HackTheBox Sauna Write-Up

Sauna is an easy difficulty Windows machine where we exploit weaknesses in an Active Directory environment.

July 18, 2020
HTB | Write-Up

HackTheBox


User / jsmith

First we will run an nmap scan of the machine IP address, export our results to an HTML file, and view it in Firefox-ESR.

Here we can see the machine is running a Web Server, and a number of other services like Kerberos, RPC, and Active Directory LDAP. We do some light, manual recon on the web server and do not find much. One thing that did get my attention is an about page with a list of employees, some of which may have user accounts.

Let’s run nmap again, this time using a script to try and enumerate the LDAP.

Here we can see that there is a user named Hugo Smith and the Domain Controller is EGOTISTICAL-BANK.LOCAL. Mr. Smith is one of the employee names listed on the about page. Before we move any further let’s add the domain controller and web server names to our /etc/hosts file.

Trying different username formats for the users that we found, we try to perform AS-REP Roasting with impacket-GetNPUsers.py, which will try to retrieve a user’s Kerberos AS-REP Password Hash if that user has “Do not use Kerberos pre-authentication” set on their account.

We’ve successfully extracted the password hash for user fsmith by AS-REP Roasting. Now let’s copy that hash to another computer that has JohnTheRipper installed and try to crack the hash with the rockyou.txt wordlist.

John successfully cracked the hash. We still don’t have a clear entry point for logging into this machine so let’s run nmap again, this time using the -p switch to look at all TCP ports.

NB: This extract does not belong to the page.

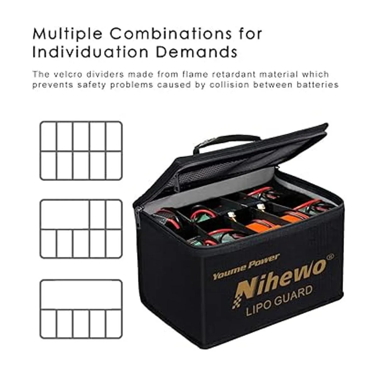 Múltiples formas de combinación y protección: la bolsa de almacenamiento ignífuga se puede combinar de muchas maneras. 9 separadores de velcro que pueden ajustar las salas de almacenamiento de baterías, cómodo y seguro. Es una forma conveniente de proteger tus baterías Lipo. Libera tu mente cuando la lipo esté en carga, mientras que tienes que dejarlo por un tiempo cerrando los lipos en la bolsa. La bolsa LIPO SAFE está diseñada para reducir las posibilidades de daños en caso de incendio de lipo.

Here we can see Port 5985 is open. This port handles WinRM (Windows Remote Management), an implementation of WS-Management (Web Services-Management) that can be authenticated with Kerberos. Now we can attempt to log in through WinRM with the credentials we obtained and cracked using AS-REP Roasting and JohnTheRipper. We will use Evil-WinRM to do this as it will give us the some added functionality, like the ability to upload and download files between our host and client very easily. After we log in we will find and print the user.txt file.


Privilege Escalation / Administrator

We run net user and get a list of all user accounts. We will ultimately want to get access to the Administrator account, but we may need to pivot through another account to do so.

We can upload and run the WinPEAS enumeration script. This will help us discover user information, privilege settings, groups, stored credentials, and show us other things that may help us find vulnerabilities for privilege escalation.

WinPEAS shows us some valuable information about our current user. It has also found stored credentials for the svc_loanmanager/svc_loanmgr account.

Next we’ll use the credentials that we found to log in as scv_loanmgr.

We run our WinPEAS script again, but don’t really discover much of anything else. At this point I think it is a good idea to run BloodHound, an Active Directory reconnaissance tool. We can use BloodHound to identify different attack paths through a visualized graph. Here is a good article explaining how to download, install, and get started using BloodHound. After we get everything installed and working we will upload the SharpHound Ingestor script, run it with the appropriate arguments, and download the zipped results. At this time we will also upload mimikatz, which we will talk about later.

Afterwords we will download the data, import it into BloodHound and start looking around. Here is the shortest path from svc_loanmgr to Domain Admin.

One of the first things we look at is if any users can use a DCSync attack, which will allow them to simulate the behavior of a Domain Controller and ask other Domain Controllers to replicate information using the Directory Replication Service Remote Protocol (MS-DRSR). By searching Find Principals With DCSync Rights we find that our current user, svc_loanmgr, should be able to perform this attack.

We can try running the mimikatz program we uploaded earlier, selecting the DCSync option, using it to dump the NTLM Hash for the Administrator account.

We now have Administrator account ownership, can log in through WinRM, and print the root.txt file. With this exploit we can also get the KRBTGT password hash, giving us the ability to create Golden Tickets which will grant us unfettered access to the network.

I don’t have much experience with Windows Active Directory attacks, so this was a great machine for getting started and learning some basic principles and methods. I very much enjoyed the process.